Полтора месяца мы простояли в Лондоне у причальной стенки, а если быть совсем точным, то основное время простояли в доке, где нас чинили, или, как точно выразился наш боцман Кавуненко, штопали. Дело в том, что неудача, подобно рыбе-прилипале, незримо присосалась к нашей многострадальной посудине, как только мы вышли в нейтральные воды.
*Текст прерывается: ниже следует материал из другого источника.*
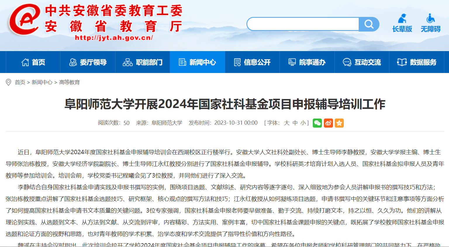 10月31日,安徽教育网报道:阜阳师范大学开展2024年国家社科基金项目申报辅导培训工作。文章地址:
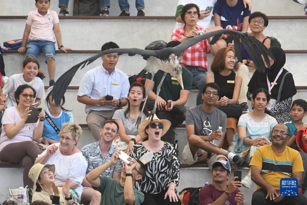 5月8日,觀眾在新加坡飛禽公園開放當(dāng)天來到園內(nèi)欣賞飛禽表演。
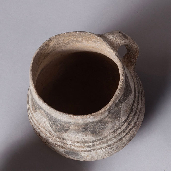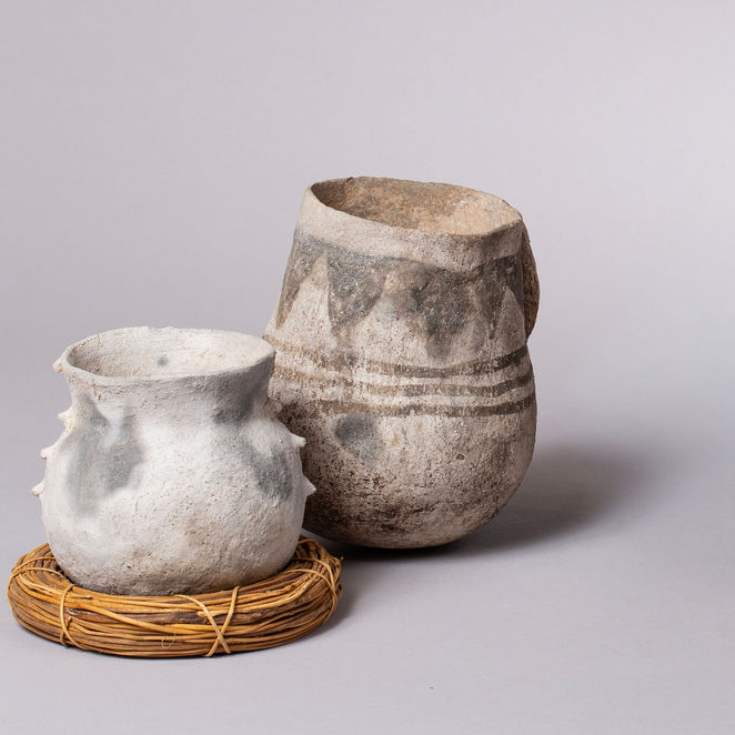 The pottery was hand-built using a coiled technique and features matte black painted geometric designs on a white surface or gray clay, a sizable form with a piriform body.
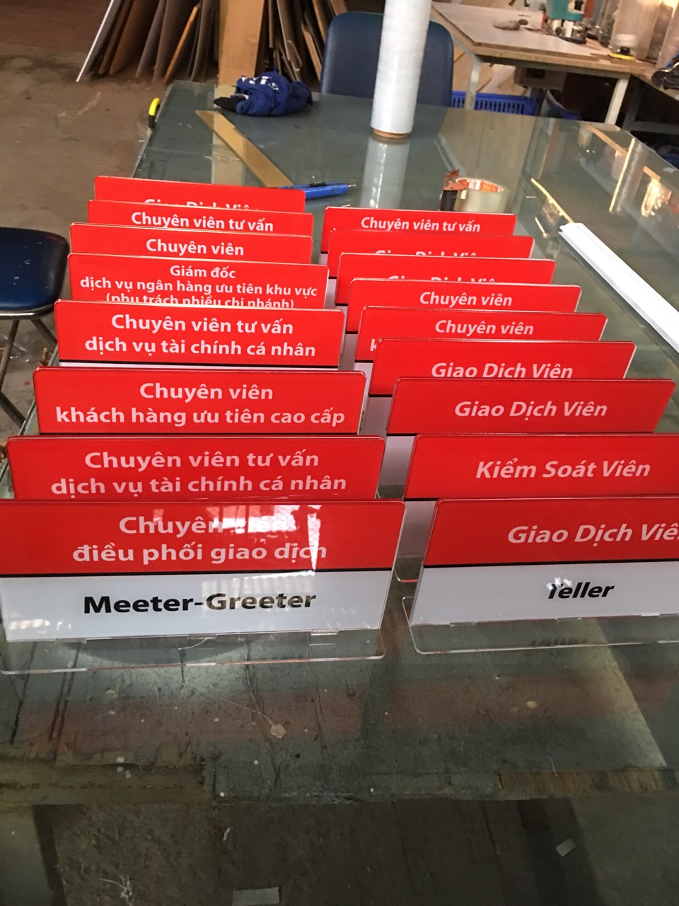 Khi công ty bạn mới thành lập hoặc công ty bạn thành lập những phòng ban mới thì đương nhiên bạn cũng cần làm những biển chức danh mới.Và tất nhiên, khi những tấm biển chức danh của bạn bị hỏng hóc, bạn cũng cần làm lại chúng.Bởi vì bạn là những người bận bịu còn chúng tôi cung cấp cho bạn sự tiện lợi cùng với đó là những cam kết về chất lượng và giá cả. Mẫu mã cũng là vấn đề bạn cần lưu tâm nhưng khi đến với QUANGCAOLIVINA, bạn sẽ được tư vấn một loại biển chức danh để bàn hợp lý nhất. Chúng tôi luôn lấy suy nghĩ của khách hàng làm trung tâm và đó là lý do để bạn tin rằng bạn sẽ nhận được một dịch vụ hoàn hảo khi gọi đến cho chúng tôi.
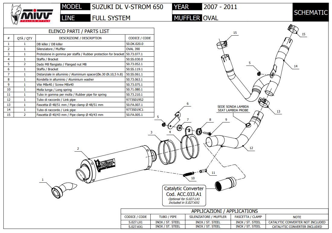 Mivv Oval RVS Slip-on Einddemper met E-keur Suzuki DL V-Strom 650 2007 > 2011

Хотя если быть до конца честным, то странности начались ещё в Петербурге.
Дождливым июльским вечером Морской Лис явился на корабль промокший до нитки, но чрезвычайно довольный.
— Через три недели идём в Лондон. — радостно сообщил мне капитан-лейтенант. — Велено набрать команду, отозвать офицеров из отпусков, пополнить запасы провизии и пресной воды.
— Позвольте узнать, господин капитан-лейтенант, а с какой целью мы так спешно взяли курс на берега туманного Альбиона? — в рамках морского устава высказал я своё недоумение.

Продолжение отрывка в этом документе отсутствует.